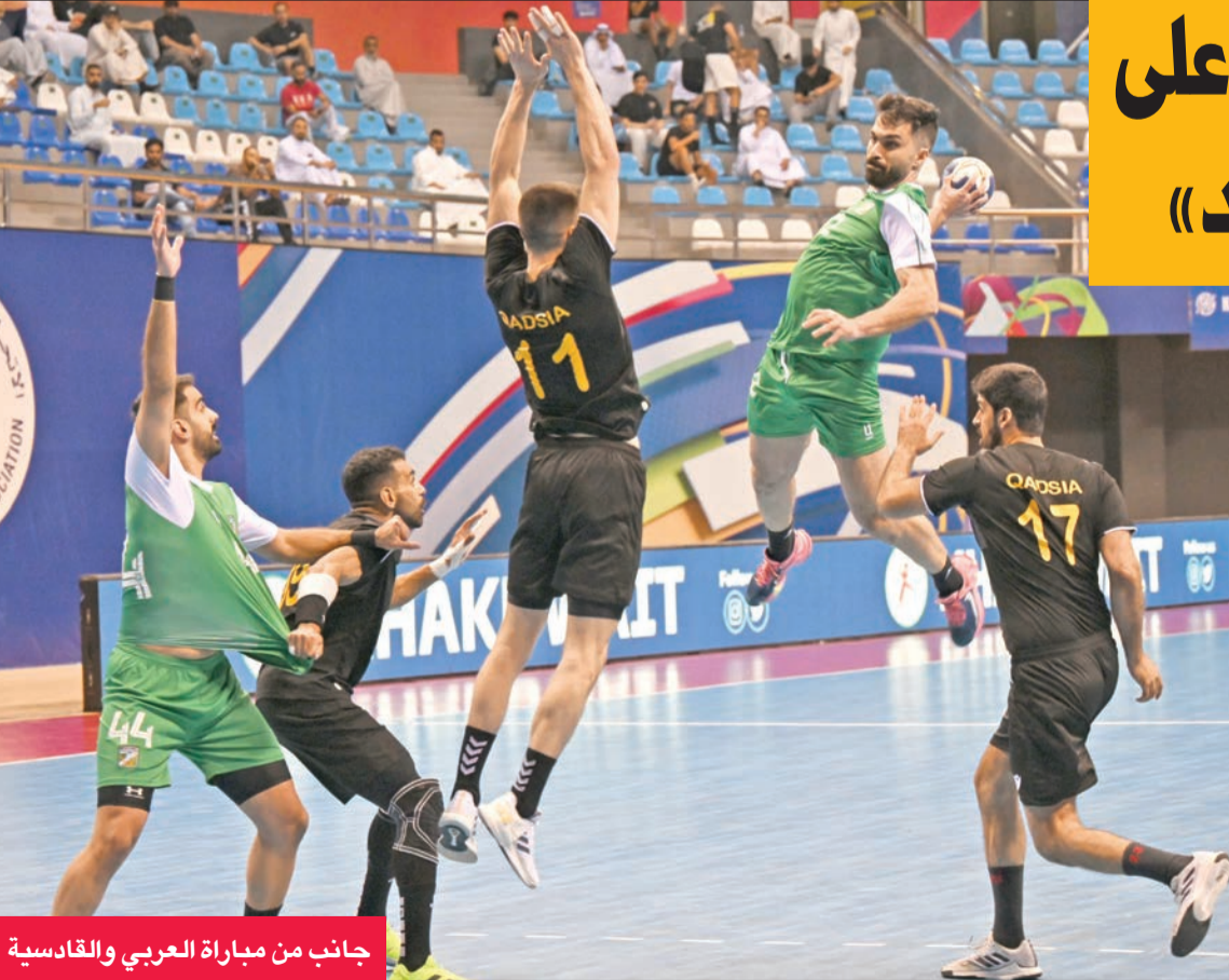
جانب من مباراة العربي والقادسية
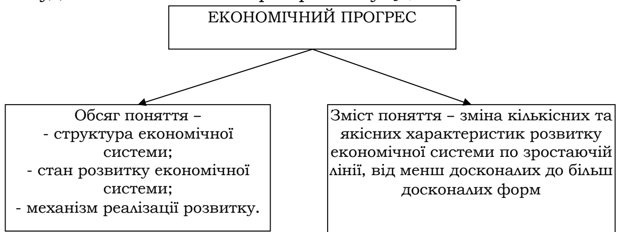
Рис. 3. Основні структурні елементи поняття «економічний прогрес»

правовий, культурний, духовний тощо. Зокрема, російські економісти А.В.Бузгалін та А.І.Колгонов розглядають економічний прогрес «...як історично існуючу...основу суспільного прогресу, при цьому постійно акцентуючи увагу на тому, що люди та їх об'єднання самі створюють свою історію за об'єктивними законами, що економічно ніколи не було єдиним, а в перспективі і не буде головним каталізатором розвитку» [8, с.81].
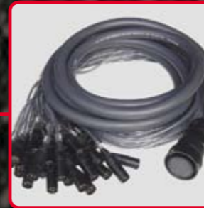
Cavi multipolari Audio

Il tutto è molto divertente per il semplice motivo che Bahauss non ha un sito! ■
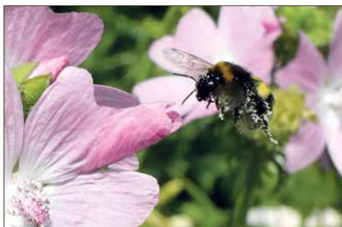
Eine Dunkle Erdhummel fliegt eine Rosen-Malve-Blüte an.
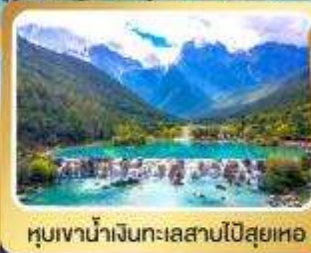
หุบเขาน้ำเงินทะเลสาบโป้สยเหอ
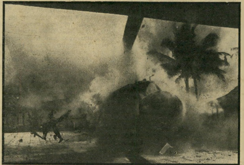
„אפוקליפסה עכשיו“: פרשי-האוויר תוקפים את הכפר

רגע אחד - שלווח עמוקה. ילדים יוצי-אים מבית-ספר. מורה צעירה וחייכנית מפקחת עליהם. איכרים עובדים בשדות. נשים מוכרות ירקות בשוק. כמו ולפתע - להקת מסוקים, כמו
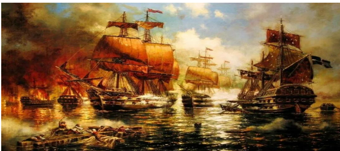
Сражение у мыса Тендра
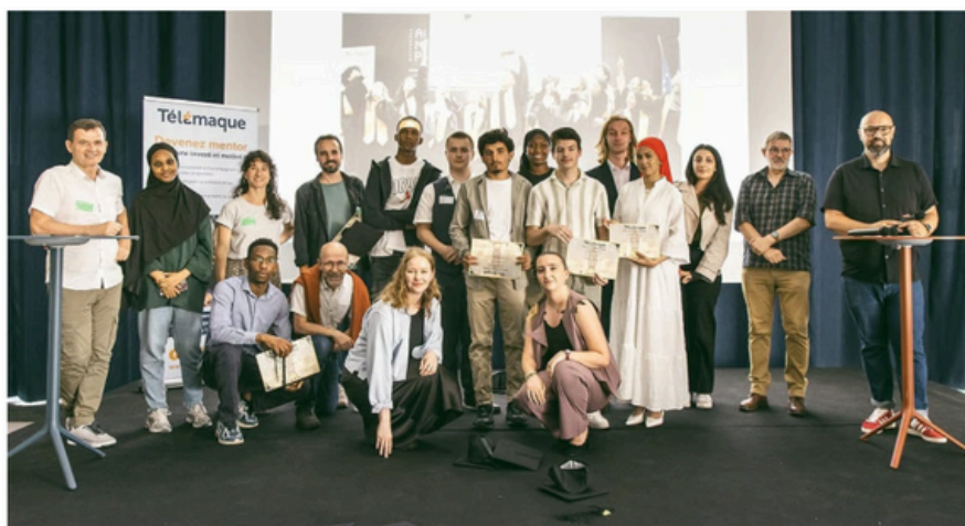
Télémaque fête ses vingt ans de lutte contre les inégalités sociales.

Marie-Pierre Gröndahl Publié le 07/09/25 à 06:00
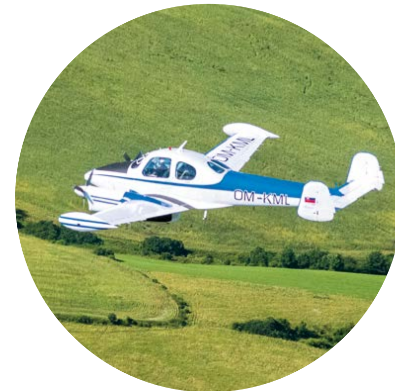
▲ Let L-200 Morava, známy aj ako najkrajšie aerotaxi. Prvý prototyp vzlietol v roku 1957. Päťmiestny dolnoplošník je dodnes obľúbený pri vyhlídkových letoch Let L-200 Morava known as the most beautiful air taxi. The first prototype took off in 1957. The five-seater low-wing monoplane is still popular for sightseeing flights Peter Ciger | Jakub Chovan 2020
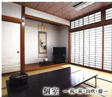
個室 ー 筒・萩・山吹・藤一
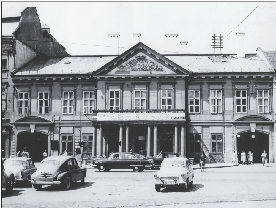
Obr. 8: Sídlo Krajskej galérie v Košiciach od roku 1953 (bývalý Dessewffyho palác), 60. roky (Zdroj: Dokumentačné centrum Východoslovenskej galérie v Košiciach).

mi prevádzkovými i depozitárnymi miestnosťami. 56 JNV v Košiciach vyhovel žiadosti krajskej galérie o pridelenie miestností, kde dovtedy sídlil národný podnik Hukostav, už 26. júna 1952. 57 Na základe porady konanej dňa 5. januára 1953 na VIII. ref. KNV bol galérii v rámci akcií pamiatkovej údržby oficiálne pridelený objekt bývalého Dessewffyho paláca na vtedajšej Leninovej ul. č. 78, kde sa malo v I. štvrtroku 1953 pokračovať na adaptačných prácach I. etapy započatých v IV. štvrtroku 1952 na základe dodaných projektov Stavoprojektu Košice. Predbežná kvóta pre I. štvrtrok bola určená na 1 milión Kčs. 58 Po realizácii provizórnych adaptačných prác na poschodí predného traktu budovy došlo k nastahovaniu do budovy v polovici januára 1953. 59 Samotná galéria bola v nových priestoroch sprístupnená 25. januára 1953. 60
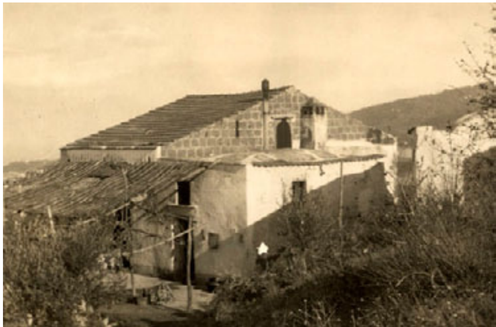
Casă țărănească din sudul Italiei

Agricultura Artizanatul tradițional și agricultura rămân domeniile ce grupează peste 55% din populația activă a Italiei, în condițiile în care 9/10 dintre proprietarii funciari posedau un teren absolut insuficient, sub 3 acri. Agricultura este inegal dezvoltată nereușind să asigure o aprovizionare regulată a țării. Piemontul, Lombardia, Toscana și câmpiile Padului sunt zone de excelență agricolă, dar marea problemă rămâne sudul Italiei (Mezzogiorno). Aici pământul se află în proprietatea marilor proprietari funciari neinteresați în investiții masive. Subindustrializată și suprapopulată, cu resurse naturale mediocre, retardată economic și neinteresantă pentru mediile de afaceri din Nord, această regiune alimentează șomajul cronic și emigrația masivă spre Franța, America Latină și Statele Unite.
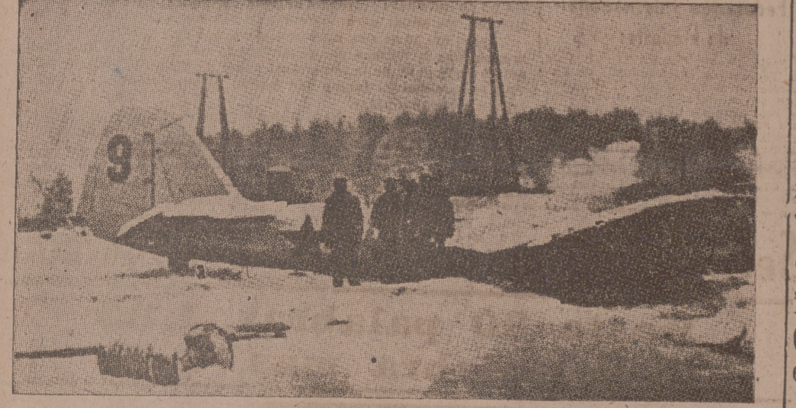
Un avión ruso abatido por los finlandeses cerca de Viborg
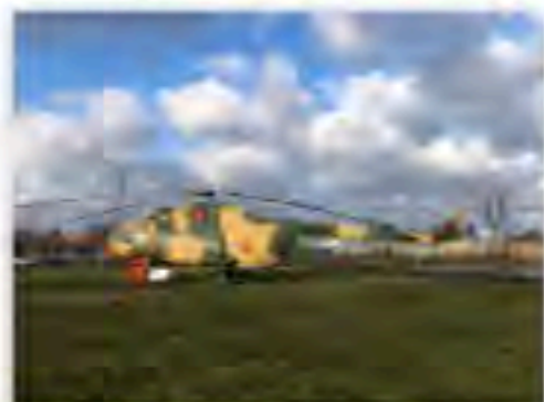
Hubschrauber Mi-8 nach seiner Restaurierung

Zum Herbst konnten drei Vereinsmitglieder die Restaurierung unseres Hubschraubers Mi-8 abschließen. Damit ist jetzt der zweite Hubschrauber für die Zukunft „gesichert“.
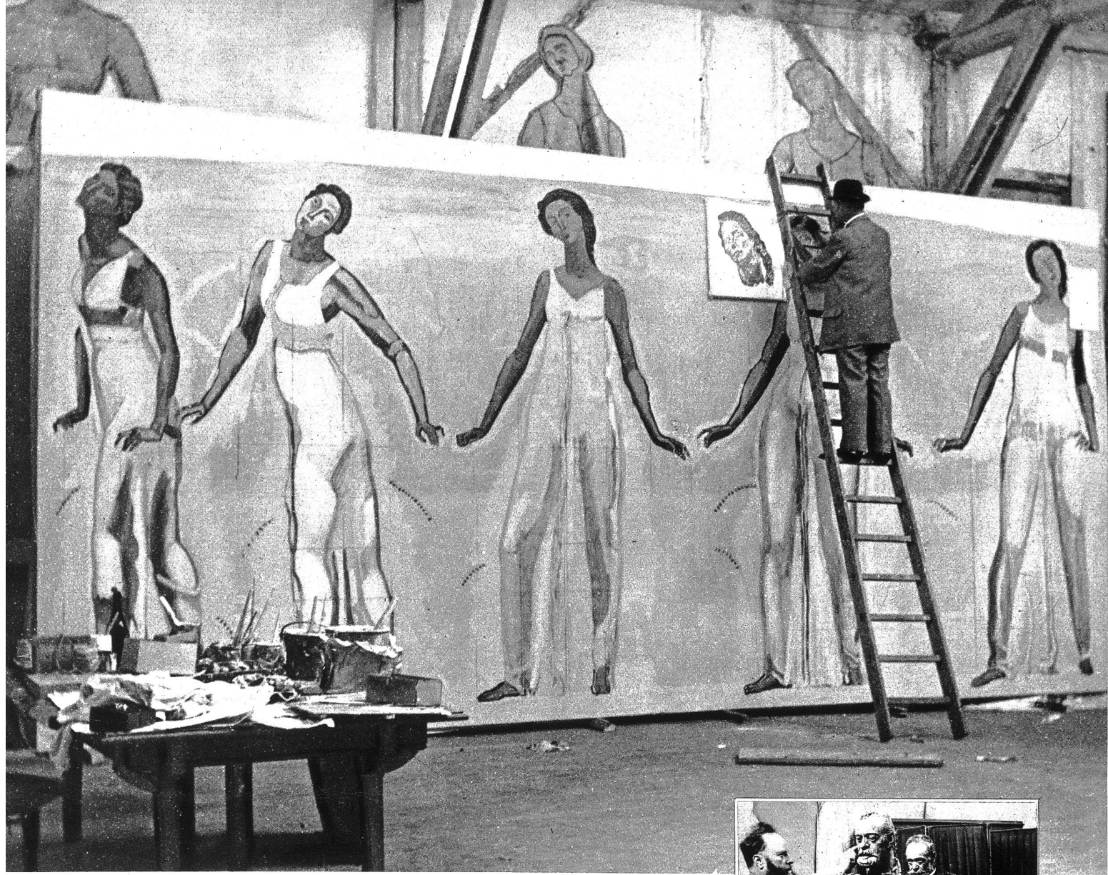
Hodler arbeitet am „Blick in die Unendlichkeit“. Interessant sind die riesigen Figuren aus Karton hinter dem Bilde. Hodler benützte diese, um die Stellung der Figuren auf dem Bilde gegeneinander genau zu fixieren.
□ □ □ □ □ □ □
EXERCISE INSTRUCTIONS —
Everything above from the line with "Il tutto è molto" through the line with "Obr. 8: Sídlo" should be retyped exactly, and nothing else; omit pictures.

ANSWER AREA —
Il tutto è molto divertente per il semplice motivo che Bahauss non ha un sito! ■
Eine Dunkle Erdhummel fliegt eine Rosen-Malve-Blüte an.
หุบเขาน้ำเงินทะเลสาบโป้สยเหอ
„אפוקליפסה עכשיו“: פרשי-האוויר תוקפים את הכפר

רגע אחד - שלווח עמוקה. ילדים יוצי-אים מבית-ספר. מורה צעירה וחייכנית מפקחת עליהם. איכרים עובדים בשדות. נשים מוכרות ירקות בשוק. כמו ולפתע - להקת מסוקים, כמו
Сражение у мыса Тендра
Télémaque fête ses vingt ans de lutte contre les inégalités sociales.

Marie-Pierre Gröndahl Publié le 07/09/25 à 06:00
▲ Let L-200 Morava, známy aj ako najkrajšie aerotaxi. Prvý prototyp vzlietol v roku 1957. Päťmiestny dolnoplošník je dodnes obľúbený pri vyhlídkových letoch Let L-200 Morava known as the most beautiful air taxi. The first prototype took off in 1957. The five-seater low-wing monoplane is still popular for sightseeing flights Peter Ciger | Jakub Chovan 2020
個室 ー 筒・萩・山吹・藤一
Obr. 8: Sídlo Krajskej galérie v Košiciach od roku 1953 (bývalý Dessewffyho palác), 60. roky (Zdroj: Dokumentačné centrum Východoslovenskej galérie v Košiciach).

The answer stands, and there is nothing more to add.